I'm working on a license plate recognition system in Python using OpenCV for image processing and Tesseract OCR for character recognition. I've written a function to process the image of the license plate and extract text from it, but I'm encountering issues with detecting both large and small characters consistently. The function aims to sharpen the image, increase contrast, and apply various preprocessing steps before using Tesseract OCR.
@staticmethod
def process_license_plate(frame, x1, y1, x2, y2):
"""
Extracts and processes the license plate area from the frame using enhanced OCR.
Parameters:
- frame (numpy.ndarray): The image or video frame containing the license plate.
- x1, y1, x2, y2 (int): Coordinates of the license plate bounding box.
Returns:
- str: The recognized text of the license plate.
"""
# Step 1: Crop the license plate area
license_plate_area = frame[y1:y2, x1:x2]
# Step 2: Sharpen the license plate area using a kernel
sharpening_kernel = np.array([[-1, -1, -1], [-1, 9, -1], [-1, -1, -1]])

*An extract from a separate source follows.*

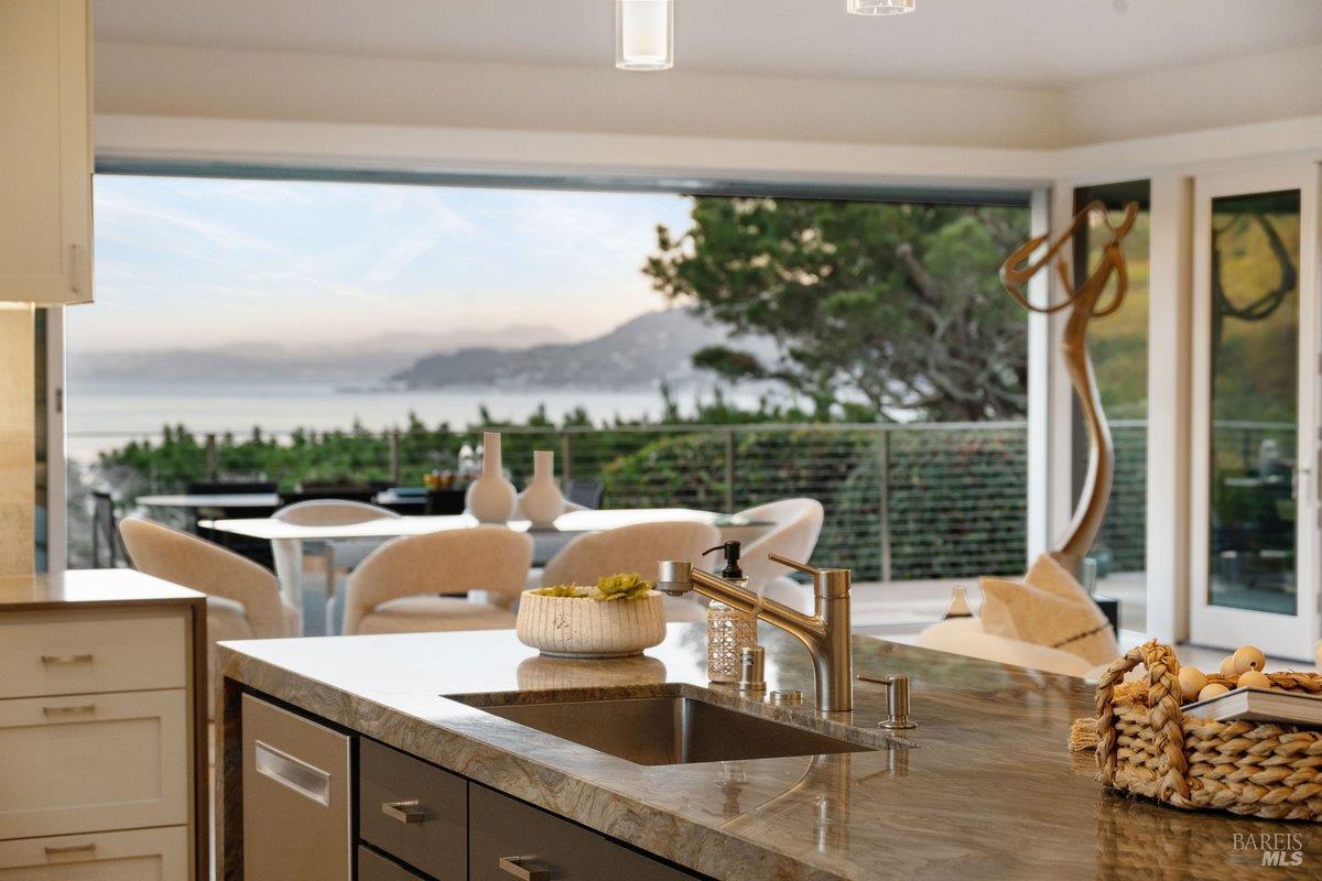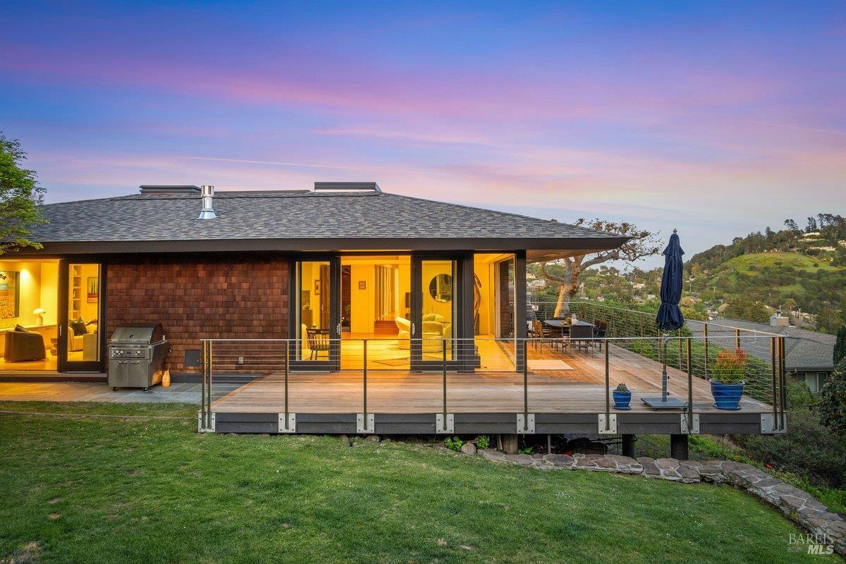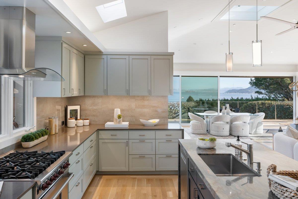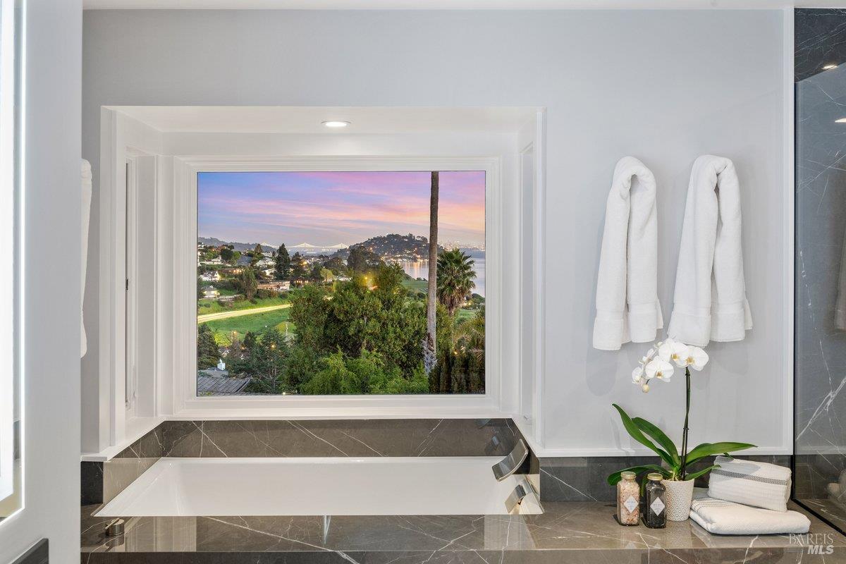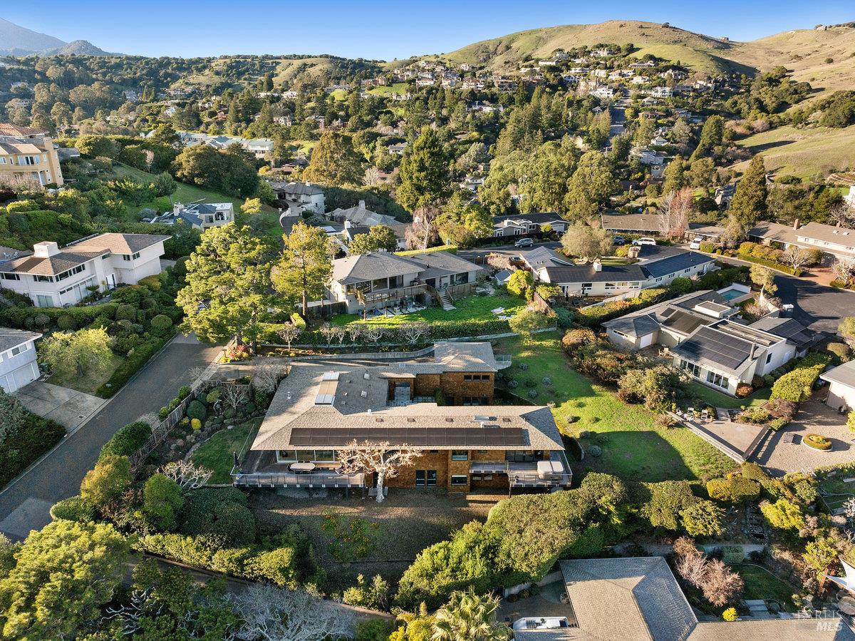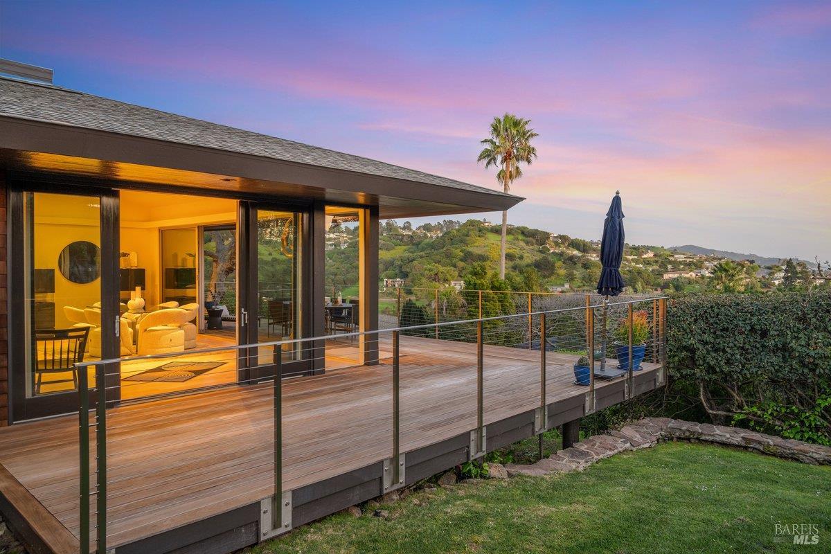 Perched on a private, oversized, south-facing lot, this beautifully updated contemporary Tiburon home captures sweeping views of the San Francisco Bay and City Skyline. Thoughtfully renovated and meticulously maintained, this home blends open-concept living, indoor-outdoor entertaining and flexible spaces ideal for families, remote work and multi-generational living. The main level functions comfortably as single-level living and features a light-filled open concept Great Room, Dining and Kitchen that flows seamlessly into a beautifully manicured garden. Graced with tall Fleetwood Sliding doors, an entire wall opens directly onto gorgeous Ipe decks with recessed heaters for enjoyment any time of the day. The Chef's kitchen features a large island graced with Brazilian Granite countertops and stainless steel appliances. A large walk-in pantry and mud room with custom built-ins and separate entry ensure that the needs of today's practical lifestyle are also met. The elegant primary suite also offers breathtaking views and is located down a light-filled hallway. No detail was spared in the striking renovated spa-like bath, dual custom closets, and built-in vanity. A private deck and hot tub completes this sophisticated retreat. There is an additional bedroom on this floor that has been outfitted as a home office with custom built-in desks and cabinetry. Downstairs are three additional bedrooms with wonderful light, views, high-ceilings along with two full baths, and a laundry room. Directly across a flat, grassy yard is a a detached 1-bedroom / 1-bath guest house with its own entrance that makes for the ultimate flex space as guest quarters, AuPair unit, secondary home office or workout room. Environmentally friendly features include owned solar, a battery back-up and EV charger in the 2-car detached garage. This home provides a rare combination of convenience and comfort for long-term livability through multiple stages of life. The coveted Reedlands neighborhood offers easy access to Blackies' Pasture, the Cove Shopping Center and Highway 101.

sharpened_license_plate = opencv.filter2D(license_plate_area, -1, sharpening_kernel)
# Step 3: Increase contrast using CLAHE
lab = opencv.cvtColor(sharpened_license_plate, opencv.COLOR_BGR2LAB)
l, a, b = opencv.split(lab)
clahe = opencv.createCLAHE(clipLimit=3.0, tileGridSize=(8, 8))
limg = opencv.merge([clahe.apply(l), a, b])
enhanced_license_plate = opencv.cvtColor(limg, opencv.COLOR_LAB2BGR)
# Step 4: Preprocess for OCR - Grayscale conversion, Gaussian blur, and Adaptive thresholding
grayscale_license_plate = opencv.cvtColor(enhanced_license_plate, opencv.COLOR_BGR2GRAY)
blurred_license_plate = opencv.GaussianBlur(grayscale_license_plate, (3, 3), 0)
_, thresholded_license_plate = opencv.threshold(blurred_license_plate, 0, 255, opencv.THRESH_BINARY + opencv.THRESH_OTSU)
# Step 5: Morphological operations to clean up the image
morph_kernel = opencv.getStructuringElement(opencv.MORPH_RECT, (3, 3))
opened_license_plate = opencv.morphologyEx(thresholded_license_plate, opencv.MORPH_OPEN, morph_kernel, iterations=1)
inverted_license_plate = opencv.bitwise_not(opened_license_plate)
# Step 6 1/2: Extract text using OCR
license_plate_text = pytesseract.image_to_string(
inverted_license_plate, lang='eng',
config='--psm 6 -c tessedit_char_whitelist=ABCDEFGHIJKLMNOPQRSTUVWXYZ0123456789'
)
return license_plate_text.strip()
I attempted to isolate the larger characters by using the height ratio of the license plate as a reference. However, as expected, this approach was not successful.
# Step 6: Filter out smaller elements and keep larger characters (optional)
contours, _ = opencv.findContours(inverted_license_plate, opencv.RETR_EXTERNAL, opencv.CHAIN_APPROX_SIMPLE)
filtered_license_plate = np.zeros_like(inverted_license_plate)
# Define a threshold for contour area (e.g., 90% of the license plate area)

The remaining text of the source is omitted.